Church and steps of Trinita' dei Monti, about 1856.




The slopes of Trinità dei Monti was a subject particularly dear to the early photographers active in Rome and related to the artistic climate that characterized the international and Greek Cafe to Via dei Condotti from which you enjoyed the view portrayed here; images of this type indicate a clear derivation from the pictorial art of viewing photographs of the first. At the kiosk right in the photograph that appears, you notice some blurry prints, known as "ghost photo": ephemeral traces left by people on the negative too quickly entered the field of photography in order to remain imprinted on the negative given the significant length of exposure times (20 minutes and more). The photo archive comunal still 13 prints made by various photographers identified and dated between 1853 and ‘56, joined together by the peculiarity of causing all publicetur pontifical.



The square is one of the most characteristic and offers a splendid panorama of the center of Rome. Dominated by the facade of the church of “Trinità dei Monti”, built in 1502 and consecrated in 1587 by Pope Sisto V, who made a key point of his ambitious development plan, became the starting point of via Felice, then via Sistina, straight that led pilgrims the basilica of Santa Maria Maggiore. At the center of the square is the obelisk, a point of convergence of several roads. Roman imitation of the Egyptian obelisks, dating back to imperial gardens Sallustiani comes from, but was placed here as an element of connection between the church and the stairway. The hieroglyphs were carved in Rome by imitating those of the obelisk of “Piazza del Popolo”.

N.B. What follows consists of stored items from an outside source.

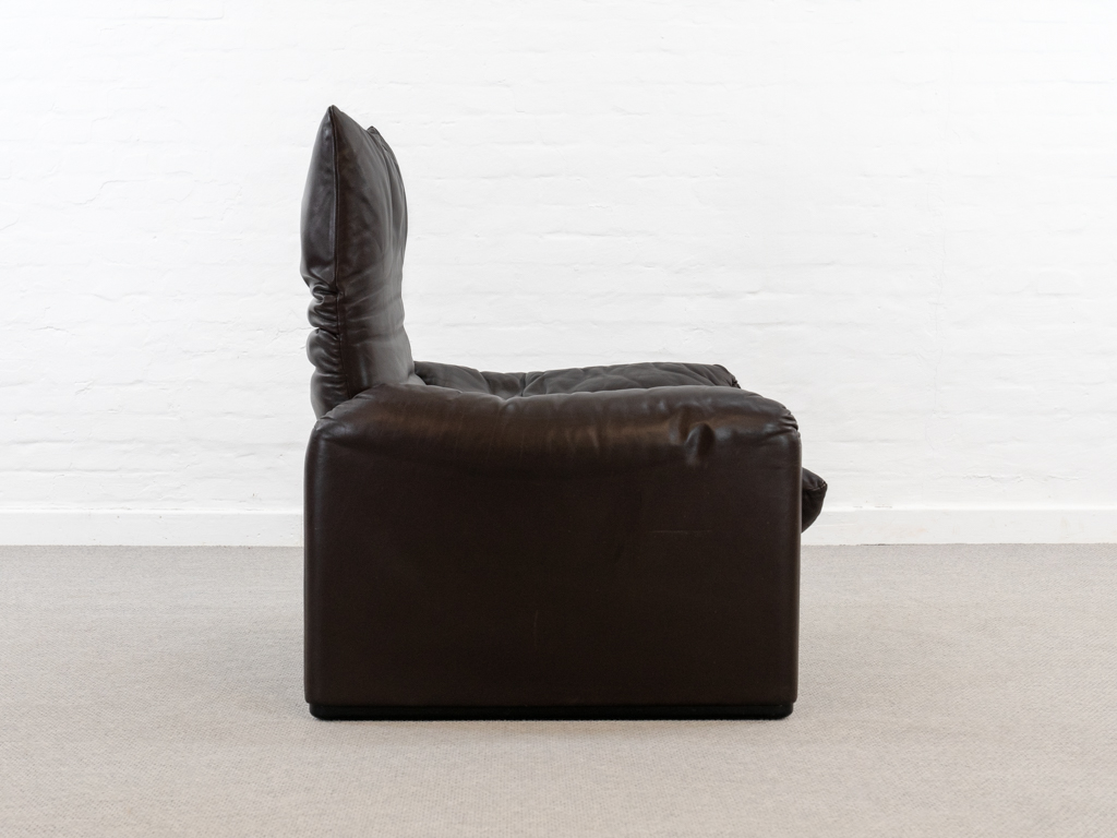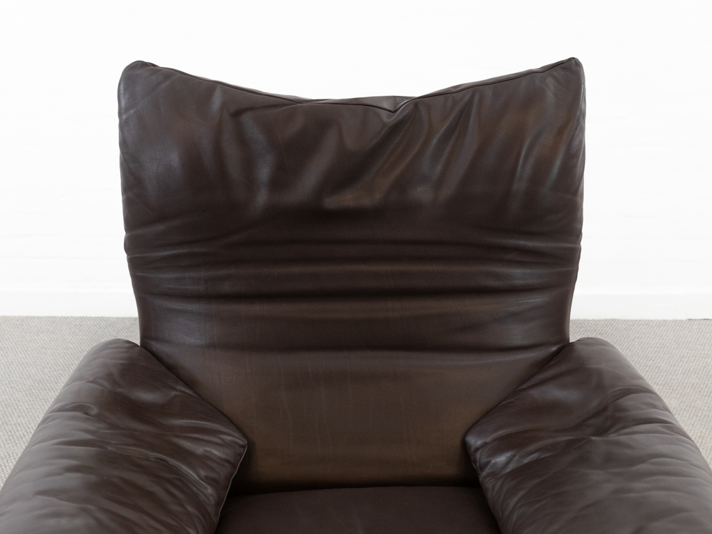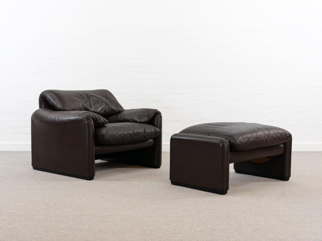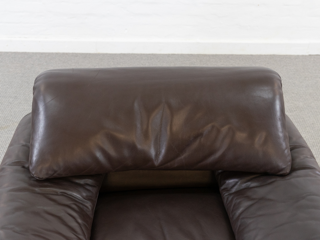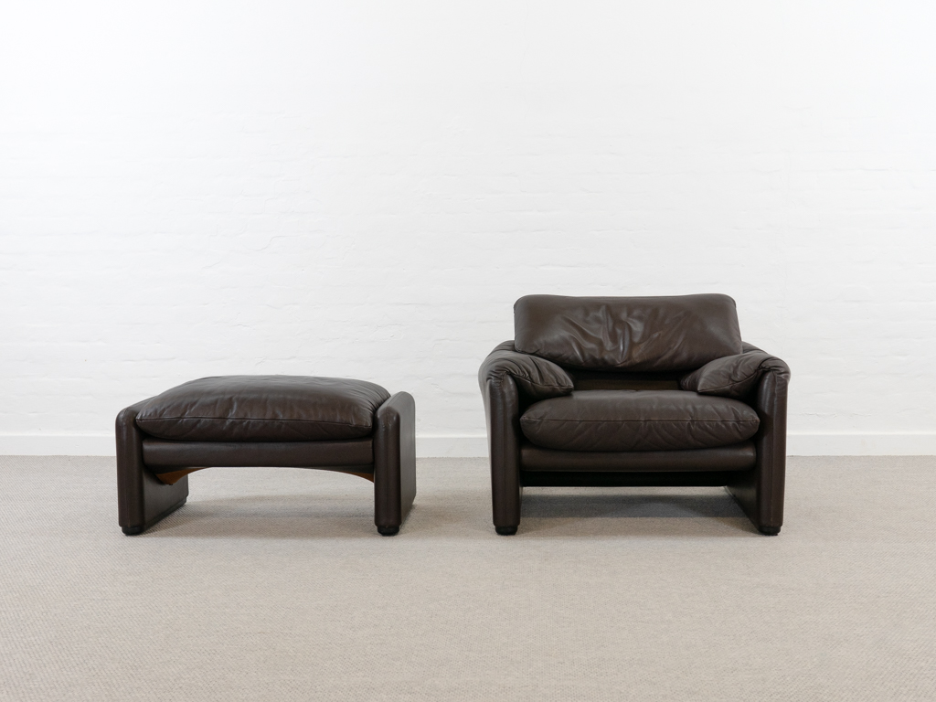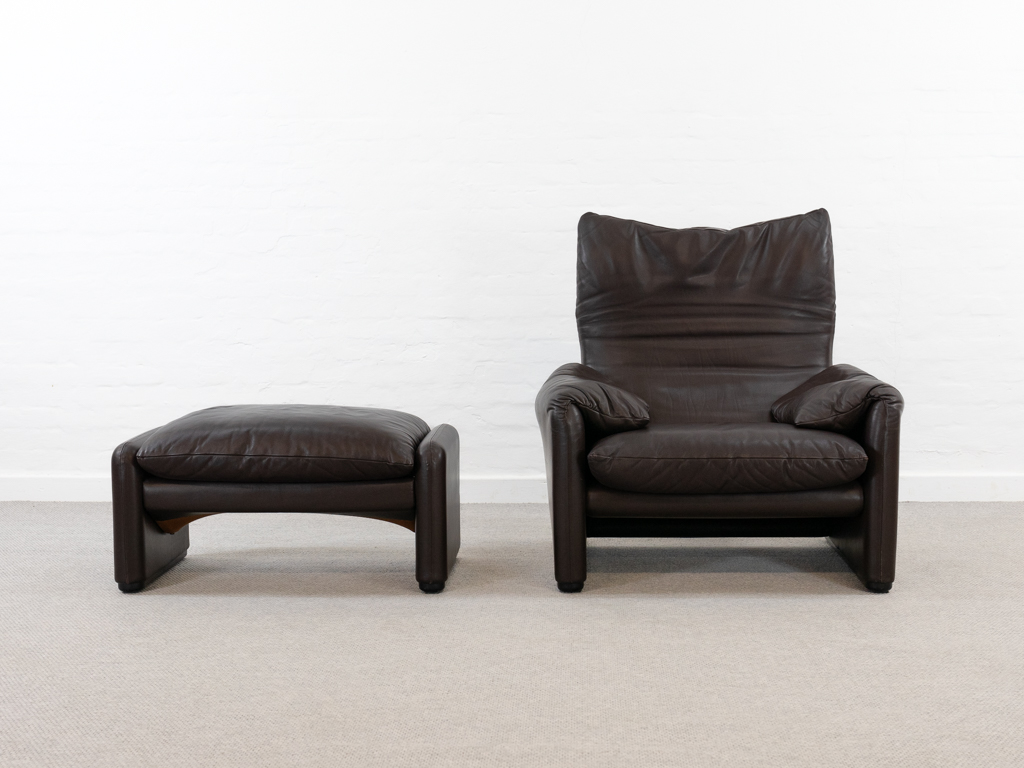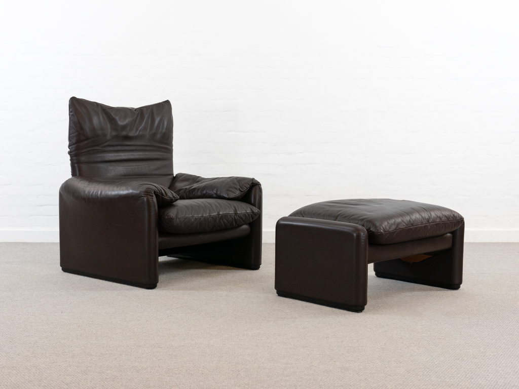 Maralunga Sessel und Fusshocker von Cassina, entworfen 1973 von Vico Magistretti. Ausführung in dunkelbraunem Leder. Der Sessel verfügt über eine faltbare Rückenlehne um verschiedene Sitzpositionen zu ermöglichen. Der Sessel ist mit Herstelleretikett gekennzeichnet. Höhe der niedrigen Position Rückenlehne 72cm, Höhe der hohen Position Rückenlehne: 100cm. Nichtraucher-Objekt. Guter vintage Zustand. Leichte Alters- und Gebrauchsspuren vorhanden. Kratzer und Patina an der rechten Seite. Bitte sehen Sie sich die beigefügten Fotos an. Maße Sessel: B: 100cm, H: 72cm, Tiefe: 85cm, Sitzhöhe ca. 45cm. Maße Hocker: B: 86cm, T: 60cm, H: 45cm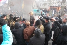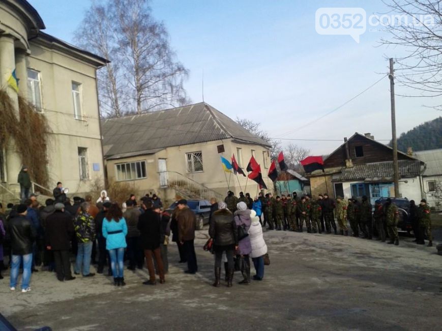 Активисты принесли к зданию шины, которые подожгли, а также мусорный бак. Туда они бросили судью, которая вынесла оправдательный приговор бывшему мэра Почаева, а также главу суда. Также возле райсуда подожгли шины. Судьи заявления на увольнение не написали.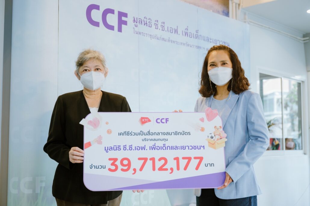 นางสาวสิรีรัตน์ คอวนิช (กลางขวา) ผู้อำนวยการ – การตลาดบัตรเครดิต “เคทีซี” หรือ บริษัท บัตรกรุงไทย จำกัด (มหาชน) เป็นตัวแทนมอบเงินจำนวน 39,712,177 บาท สมทบทุนให้กับมูลนิธิ ซี.ซี.เอฟ. เพื่อเด็กและเยาวชน ในพระราชูปถัมภ์สมเด็จพระเทพรัตนราชสุดาฯ สยามบรมราชกุมารี ซึ่งสมาชิกบัตรเครดิตเคทีซีได้ร่วมกันบริจาคผ่านช่องทางต่างๆ ของเคทีซี ทั้งการใช้คะแนนสะสม KTC FOREVER และการบริจาคผ่านบัตรเครดิตเคทีซี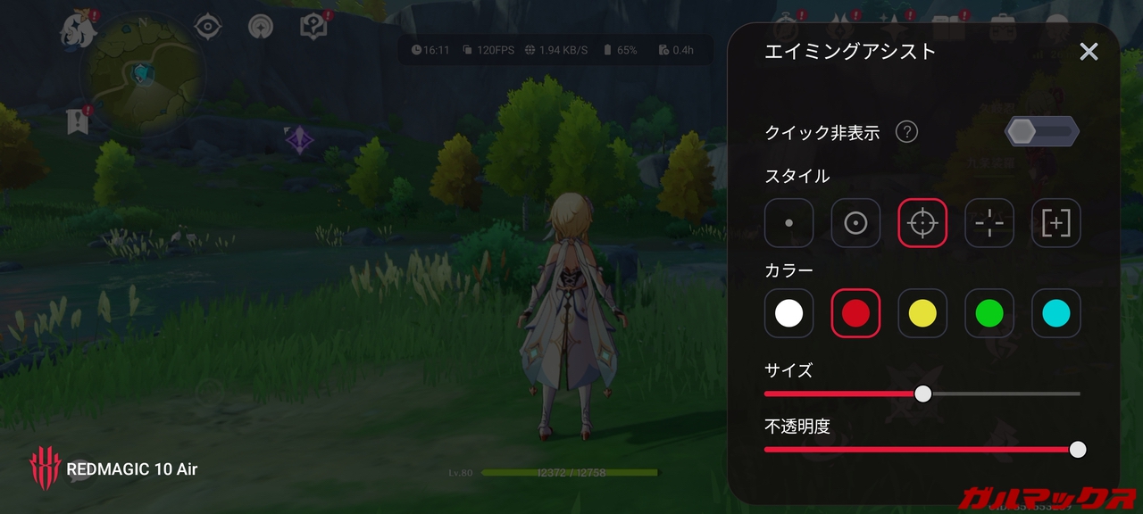 ▼あと結構グレーな機能としては画面の中央にレティクルを常に表示できる機能が備わってます。↓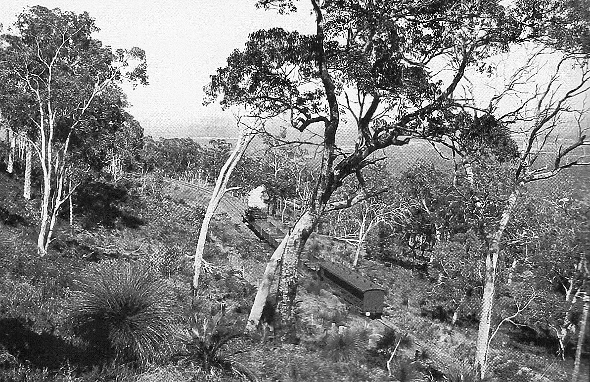 At the time of construction it was the only section of railway in Western Australia to have had a zig zag formation, the line was so steep (1 in 30 grade) that the engine would alternate between pushing and pulling the load. Three trains, each way per day traversed the full length of the Upper Darling Railway, and at peak periods an additional “special” was run to cope with the heavy loadings of sawn timber and firewood produced in the area.
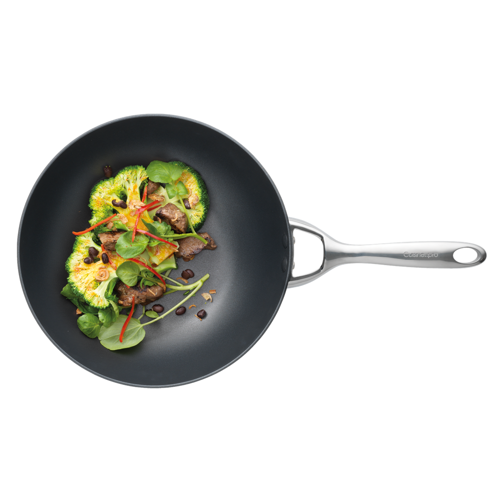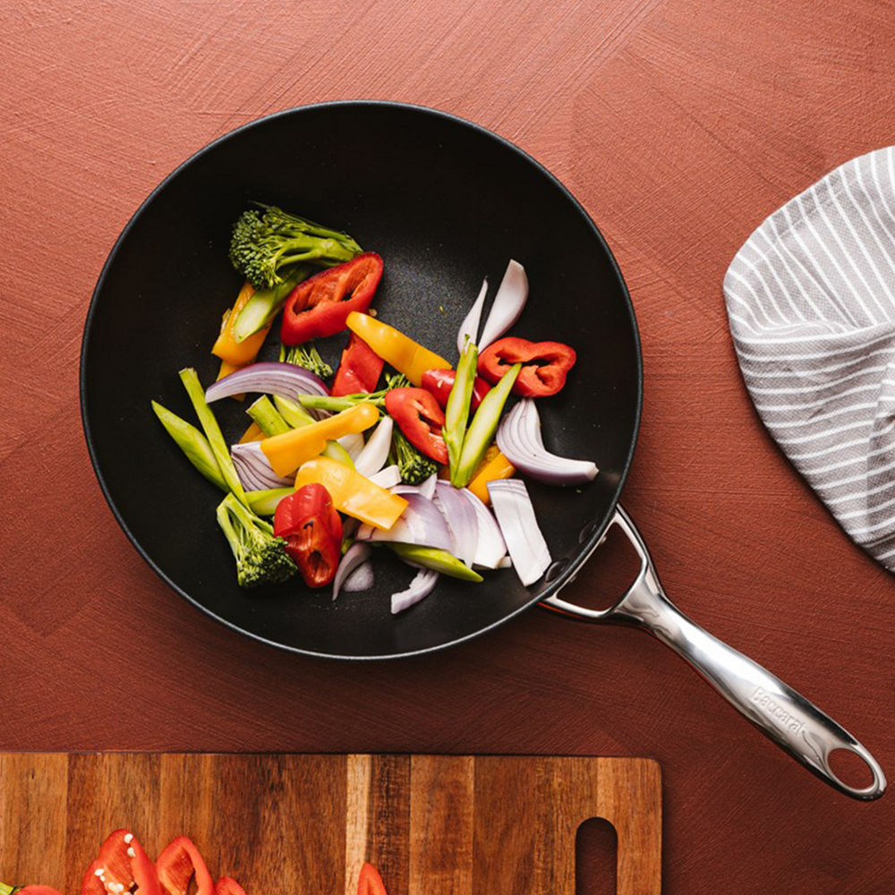 Get cooking with the Cuisine::pro® iD3® Hard Anodised Stir Fry Pan 28cm. The pan has been hard anodised to create a super tough warp free surface and body, resulting in a pan that is twice as hard as stainless steel. The pan promotes rapid heat transfer and efficient heat distribution for even cooking, eliminating hot spots and burning in the pans interior corners. The interior and exterior features a tough TRI-TEC triple layer non-stick, providing quick easy cooking, long lasting food release and faster clean up. The TRI-TEC triple layer is perfect for low fat cooking as you can use less oil. The Cuisine::pro® iD3® Hard Anodised Stir Fry Pan 28cm includes a magnetic stainless steel induction plate making the iD3® suitable for all cooktops. The pan offers the convenience of quick and easy clean up that literally rinses and wipes clean but is also dishwasher safe.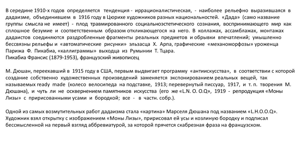Дюшана), и чуть ли не осквернением памятников искусства (его же «L.N. О. O.Q», 1919 - репродукция «Моны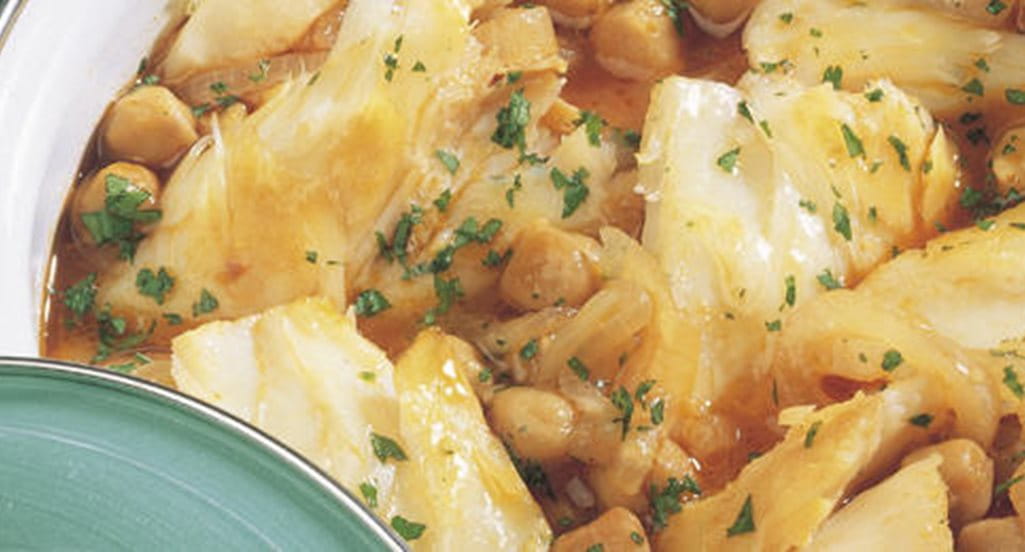 - Num tacho com o fundo espesso coloque, em camadas alternadas, as rodelas de cebola e de alho, o bacalhau e o grão, previamente escorrido. Regue com a polpa de tomate, dissolvida no vinho, e com o azeite. Tempere com um pouco de sal e pimenta e junte a folha de louro. Tape o tacho e deixe cozinhar sobre lume brando durante cerca de 45 minutos. Polvilhe com a salsa picada e sirva imediatamente.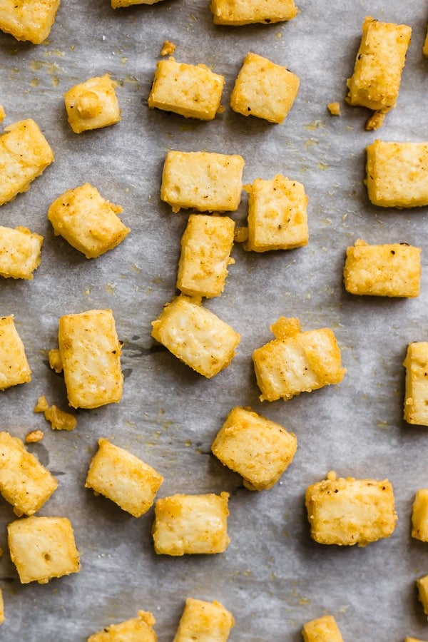 - Add your tofu to the prepared baking sheet, laying the tofu in an even, single layer, making sure that none of the pieces are touching.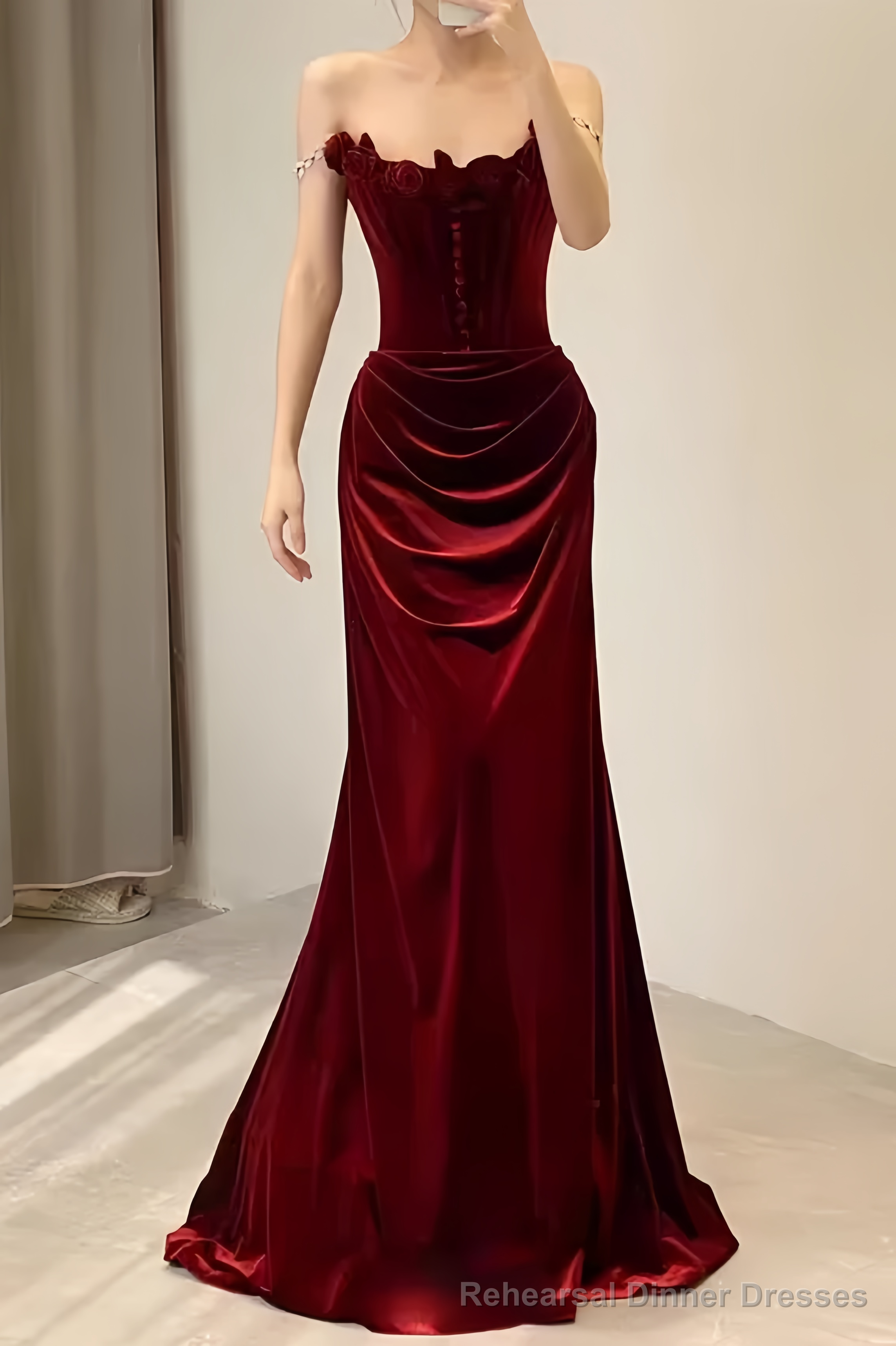 Beautiful Mermaid Strapless Red Velvet Long Prom Dress

Corner formed by the convergence of via Sistina and via Gregoriana is Palace Zuccari, designed by Federico Zuccari and known by the nickname “House of Monsters” because the windows on the sides are shaped mouth of monsters. Lived the queen of Poland Maria Sobiesky. Downstage the church is the monumental stairway of Trinità dei Monti designed in 1726 by Francesco De Sanctis and built entirely in “travertine”. Choosing as reference and inspiration for the number three, in honor of Trinity church, De Sanctis creates a series of ramps divided into three parts which unite and then converge immediately in two directions in alternating convex and concave walls, steps and to plans break. Since 1951 the period from April to May is held a major exhibition of azaleas that give the stairs a particular fascination.